**Requirement:**
Transcribe the listing in full, word for word; pictures do not belong in the copy.

**Stored data:**
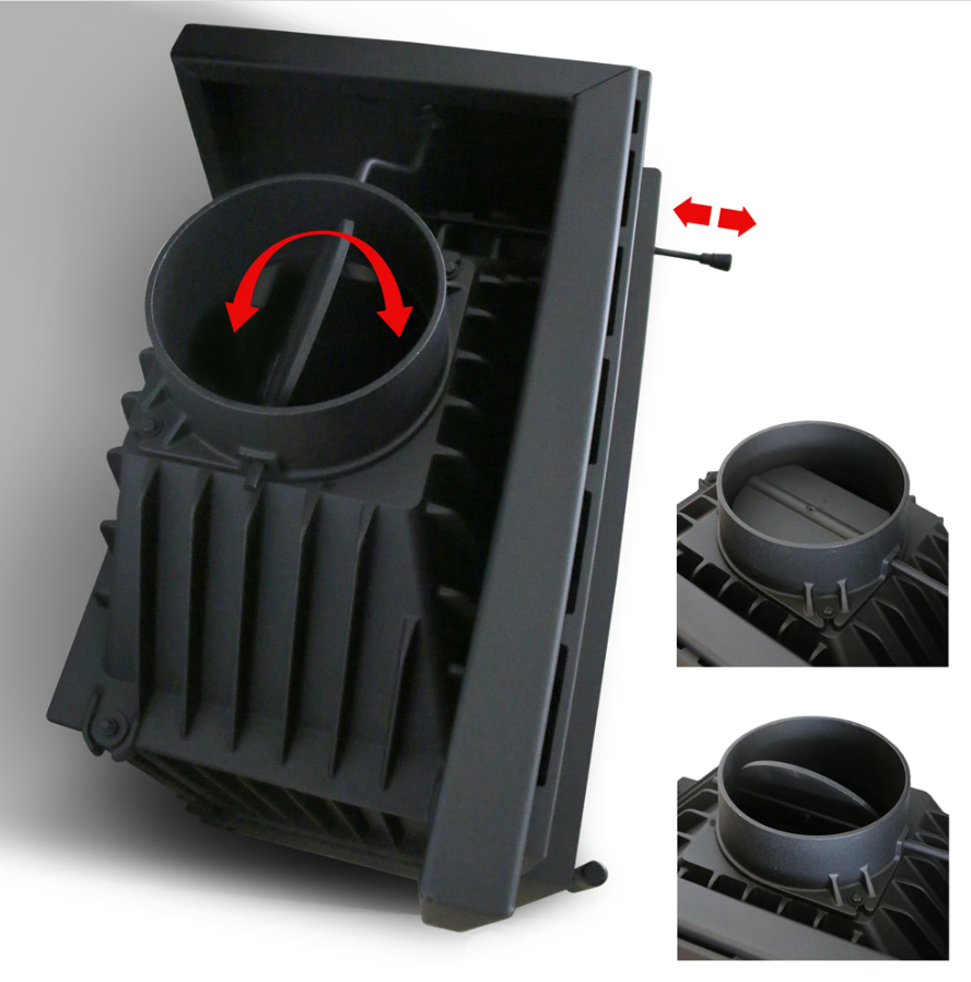 - Vložka je vybavena vestavěnou klapkou umožňující ruční regulaci tahu, což přispívá ke zvýšené účinnosti.
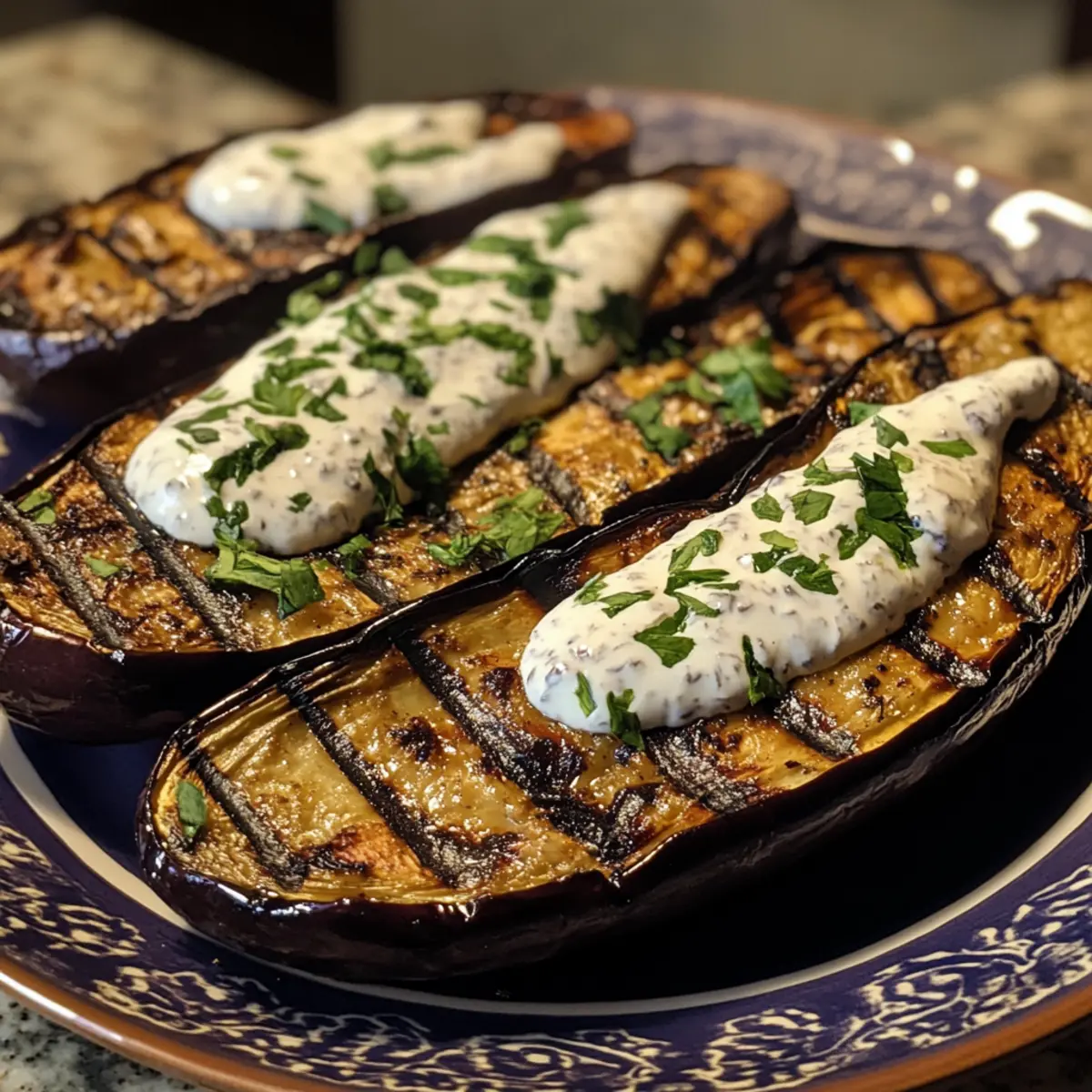 Easy Smoky Grilled Eggplant with Creamy Garlic Yogurt Sauce
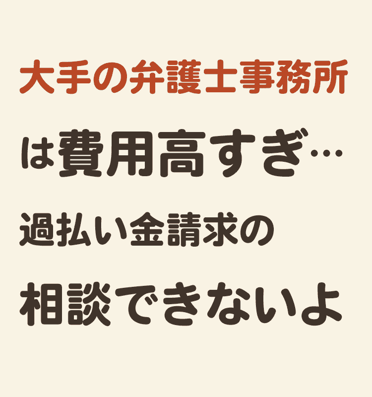 大手の弁護士事務所は費用高すぎ…過払い金請求の相談できないよ
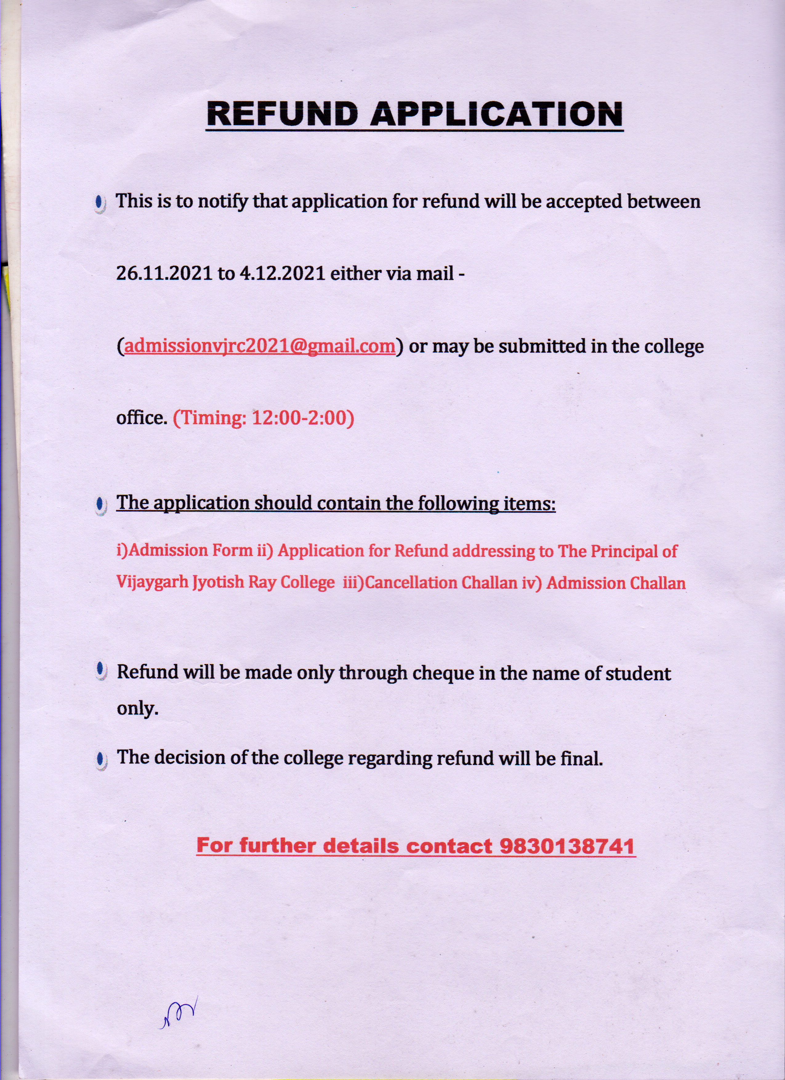 Dr Rajyashri Neogy(Principal) or Prof Mainak Saibya (Convenor, Anti Ragging Committee)

**Written answer:**
 - Vložka je vybavena vestavěnou klapkou umožňující ruční regulaci tahu, což přispívá ke zvýšené účinnosti.
 Easy Smoky Grilled Eggplant with Creamy Garlic Yogurt Sauce
 大手の弁護士事務所は費用高すぎ…過払い金請求の相談できないよ
 Dr Rajyashri Neogy(Principal) or Prof Mainak Saibya (Convenor, Anti Ragging Committee)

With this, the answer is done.